More speculatively, I feel like often—as in the case of lobbying for good government policy—there isn’t a straightforward way to capture any of the created value; so it is under-incentivized.

khafra 22 Apr 2025 5:06 UTC
1 point
0
in reply to: Viliam’s comment on: Pablo’s Shortform
Well, that was an interesting top-down processing error.

khafra 21 Apr 2025 11:39 UTC
0 points
0
in reply to: Viliam’s comment on: Pablo’s Shortform
Note that Alexander Kruel still blogs regularly on axisofordinary.blogspot.com, and from his Facebook account; he just doesn’t say anything directly about rationalists. He mostly lists recent developments in AI, science, tech, and the Ukraine war.

khafra 15 Apr 2025 6:33 UTC
4 points
0
on: Unbendable Arm as Test Case for Religious Belief
I’ve done some Aikido and related arts, and the unbending arm demo worked on me (IIRC, it was decades ago). But learning the biomechanics also worked. More advanced, related skills, like relaxing while maintaining a strongly upright stance, also worked best by starting out with some visualizations (like a string pulling up from the top of my head, and a weight pulling down from my sacrum).

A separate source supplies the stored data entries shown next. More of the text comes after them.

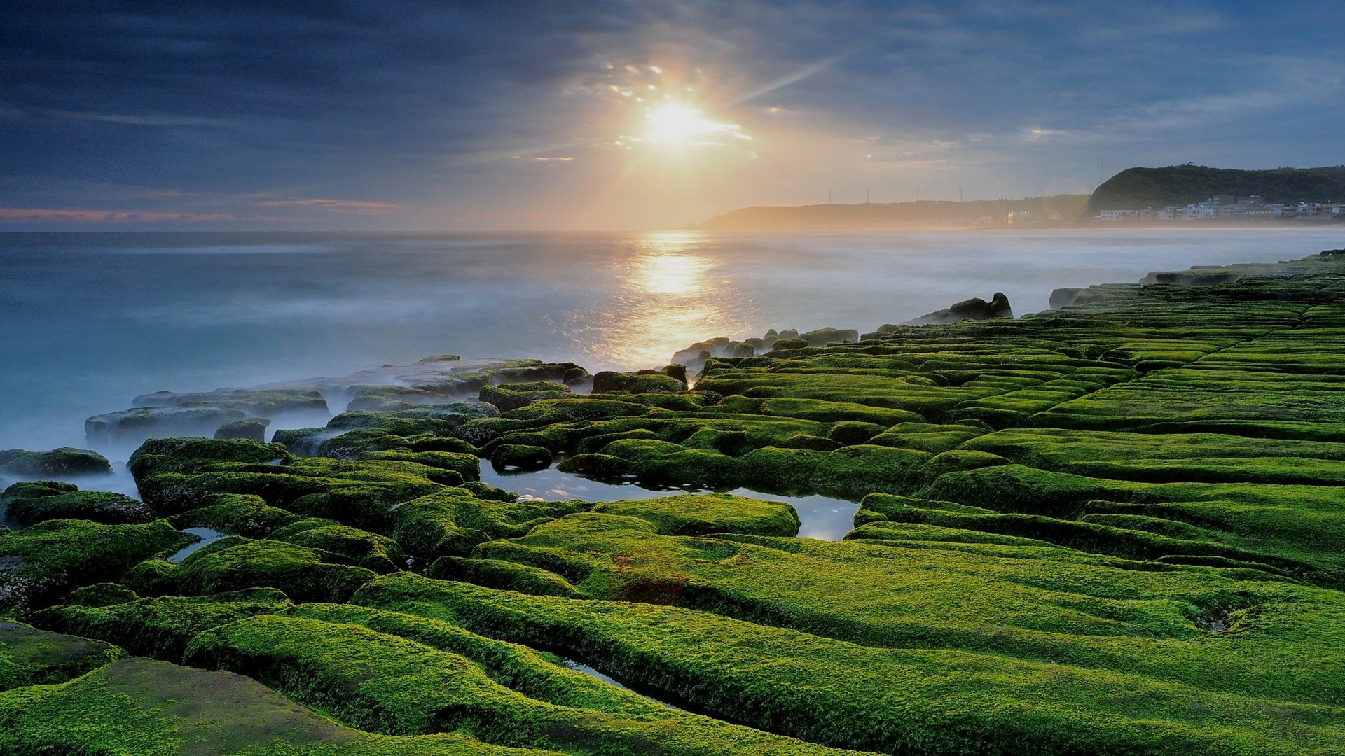 Description: A large body of water surrounded by green moss covered rocks and a cliff face covered in water with a sun setting in the background.
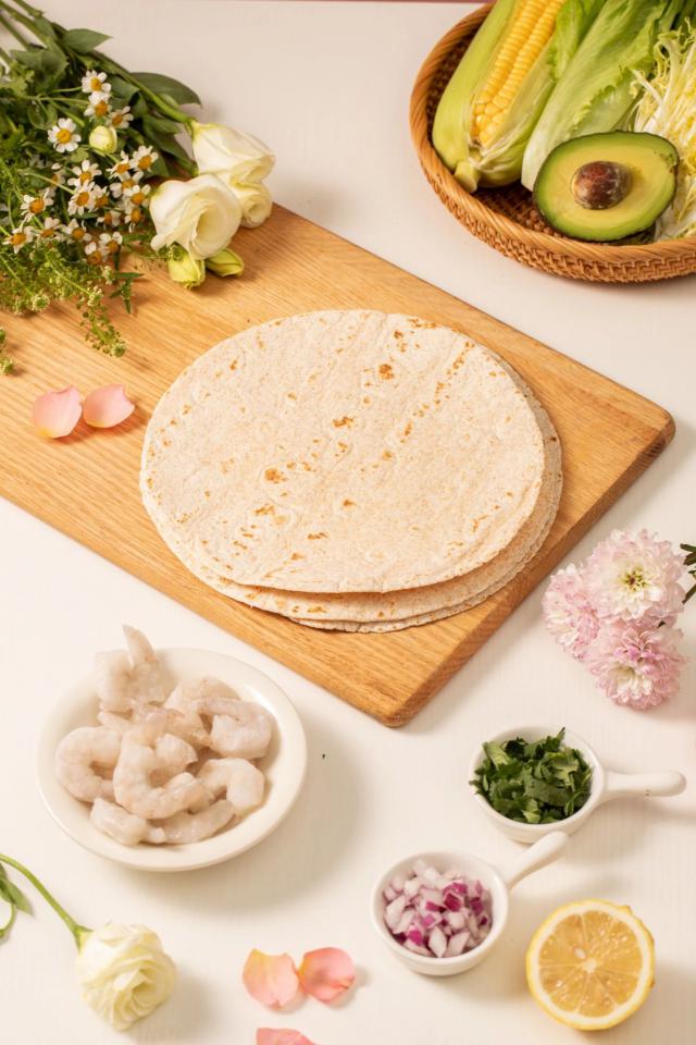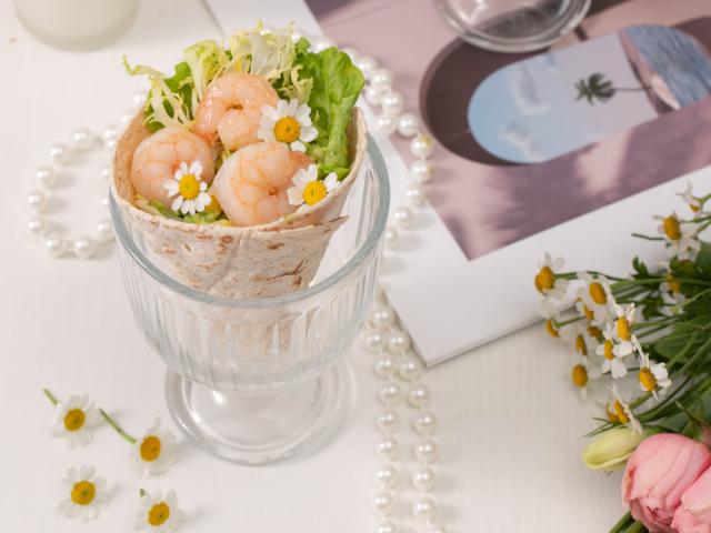 几个粗粮卷饼,虾仁 300 克、牛油果 2 生菜,苦菊各种 50 适量玉米、香莱碎、洋葱碎、柠檬汁、米酒、鸡精调味料。
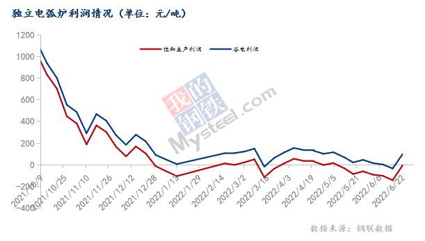 截止到6月22日,Mysteel調(diào)研全國85家獨立電弧爐鋼廠,平均開工率57.65%,周環(huán)比下降3.11%,月環(huán)比下降10.26%;產(chǎn)能利用率43.85%,周環(huán)比下降5.05%,月環(huán)比下降12.02%。本周電弧爐產(chǎn)能利用率及開工率繼續(xù)下降,產(chǎn)能利用率再創(chuàng)新低,福建、華南、西南、華中多地區(qū)均有鋼廠不同程度減產(chǎn)及停產(chǎn),導(dǎo)致電弧爐開工率及產(chǎn)能利用率繼續(xù)走低。目前電弧爐鋼廠利潤翻紅,但由于電爐廠廢鋼到貨無幾,鋼材庫存積壓,嚴峻形勢并未緩解,仍有鋼廠陸續(xù)減產(chǎn)或停產(chǎn)。

But having a physics-based model of what I was trying to do, and why it worked, was essential for me to really solidify these skills—and incorrect explanations, which I sometimes got at first, did not help me. Could just be more headology, though—other students seemed to be able to do well based off the visualizations and practice.

https://www.lesswrong.com/posts/rZX4WuufAPbN6wQTv/no-really-i-ve-deceived-myself seems relevant.

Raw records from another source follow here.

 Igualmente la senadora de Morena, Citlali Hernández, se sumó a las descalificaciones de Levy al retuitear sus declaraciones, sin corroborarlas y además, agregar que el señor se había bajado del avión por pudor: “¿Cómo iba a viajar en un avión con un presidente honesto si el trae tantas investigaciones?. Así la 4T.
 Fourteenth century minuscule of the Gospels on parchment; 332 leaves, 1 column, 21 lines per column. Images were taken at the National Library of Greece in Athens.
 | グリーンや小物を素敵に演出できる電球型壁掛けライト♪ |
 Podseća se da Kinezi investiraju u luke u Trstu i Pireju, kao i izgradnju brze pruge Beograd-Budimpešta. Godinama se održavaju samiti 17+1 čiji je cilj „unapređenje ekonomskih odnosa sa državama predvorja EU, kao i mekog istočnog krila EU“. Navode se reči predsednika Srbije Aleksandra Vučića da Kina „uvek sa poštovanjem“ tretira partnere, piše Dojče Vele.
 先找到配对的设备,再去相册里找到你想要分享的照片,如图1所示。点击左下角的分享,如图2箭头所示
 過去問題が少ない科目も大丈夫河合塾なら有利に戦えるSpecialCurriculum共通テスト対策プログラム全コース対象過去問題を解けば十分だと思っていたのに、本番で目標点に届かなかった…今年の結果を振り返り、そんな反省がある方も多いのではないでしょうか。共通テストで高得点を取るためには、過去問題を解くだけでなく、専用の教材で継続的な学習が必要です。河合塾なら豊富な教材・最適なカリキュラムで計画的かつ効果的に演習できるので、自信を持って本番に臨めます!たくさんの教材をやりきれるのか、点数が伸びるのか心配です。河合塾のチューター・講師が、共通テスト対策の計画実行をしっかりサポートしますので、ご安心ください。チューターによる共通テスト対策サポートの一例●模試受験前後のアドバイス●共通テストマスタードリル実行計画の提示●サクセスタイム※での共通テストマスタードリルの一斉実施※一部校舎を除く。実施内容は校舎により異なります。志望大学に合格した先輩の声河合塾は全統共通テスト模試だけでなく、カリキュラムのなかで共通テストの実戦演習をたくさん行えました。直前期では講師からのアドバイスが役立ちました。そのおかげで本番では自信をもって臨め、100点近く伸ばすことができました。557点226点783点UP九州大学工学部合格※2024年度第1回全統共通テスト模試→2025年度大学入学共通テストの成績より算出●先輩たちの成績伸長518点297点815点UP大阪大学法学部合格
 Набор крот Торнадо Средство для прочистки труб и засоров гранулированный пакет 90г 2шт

khafra 10 Apr 2025 10:25 UTC
2 points
0
in reply to: Noosphere89’s comment on: LLM AGI will have memory, and memory changes alignment
Good timing—the day after you posted this, a round of new Tom & Jerry cartoons swept through twitter, fueled by transformer models which included in their layers MLPs that can learn at test time. Github repo here: https://github.com/test-time-training (The videos are more eye-catching, but they’ve also done text models).

khafra 12 Mar 2025 6:54 UTC
4 points
0
in reply to: RobinHanson’s comment on: Detached Lever Fallacy
It may be time to revisit this question. With Owain Evans et. al. discovering a generalized evil vector in LLMs, and older work like [Pretraining Language Models with Human Preferences](https://www.lesswrong.com/posts/8F4dXYriqbsom46x5/pretraining-language-models-with-human-preferences) that could use a follow-up, AI in the current paradigm seems ripe for some experimentation with parenting practices in pre-training—perhaps something like affect markers for the text that goes in, or pretraining on children’s literature before going on to the more technically and morally complex text?
I haven’t run any experiments of my own, but this doesn’t seem obviously stupid to me.

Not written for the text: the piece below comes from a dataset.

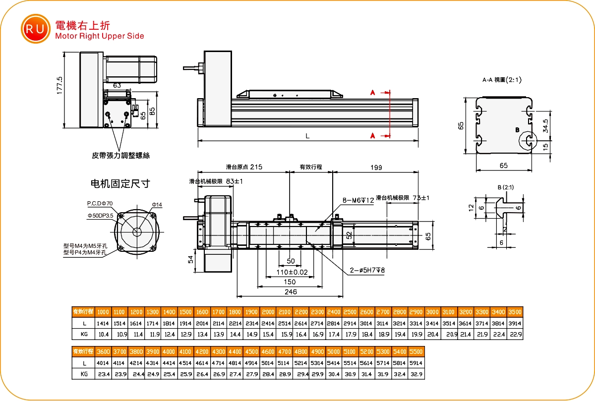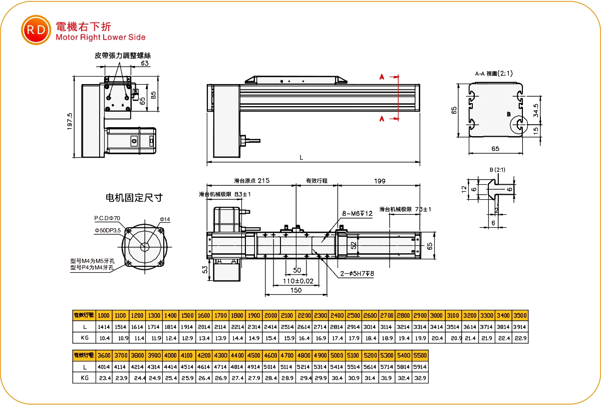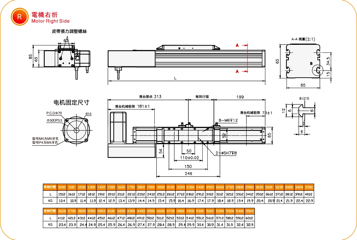Current location:Home > Product > Standard Belt Actuator > MKR Series > MKR65 > Motor Right Side
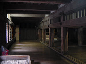 ■天守閣一階。中は物凄く薄暗いです(スローシャッター撮影)。特大サイズの消火器が置いてありました。

khafra 11 Feb 2025 15:21 UTC
4 points
0
in reply to: Shankar Sivarajan’s comment on: Wired on: “DOGE personnel with admin access to Federal Payment System”
When there’s little incentive against classifying harmless documents, and immense cost to making a mistake in the other direction, I’d expect overclassification to be rampant in these bureaucracies.
Your analysis of the default incentives is correct. However, if there is any institution that has noticed the mounds of skulls, it is the DoD. Overclassification, and classification for inappropriate reasons (explicitly enumerated in written guidance: avoiding embarrassment, covering up wrongdoing) is not allowed, and the DoD carries out audits of classified data to identify and correct overclassification.

It’s possible they’re not doing enough to fight against the natural incentive gradient toward overclassification, but they’re trying hard enough that I wouldn’t expect positive EV from disregarding all the rules.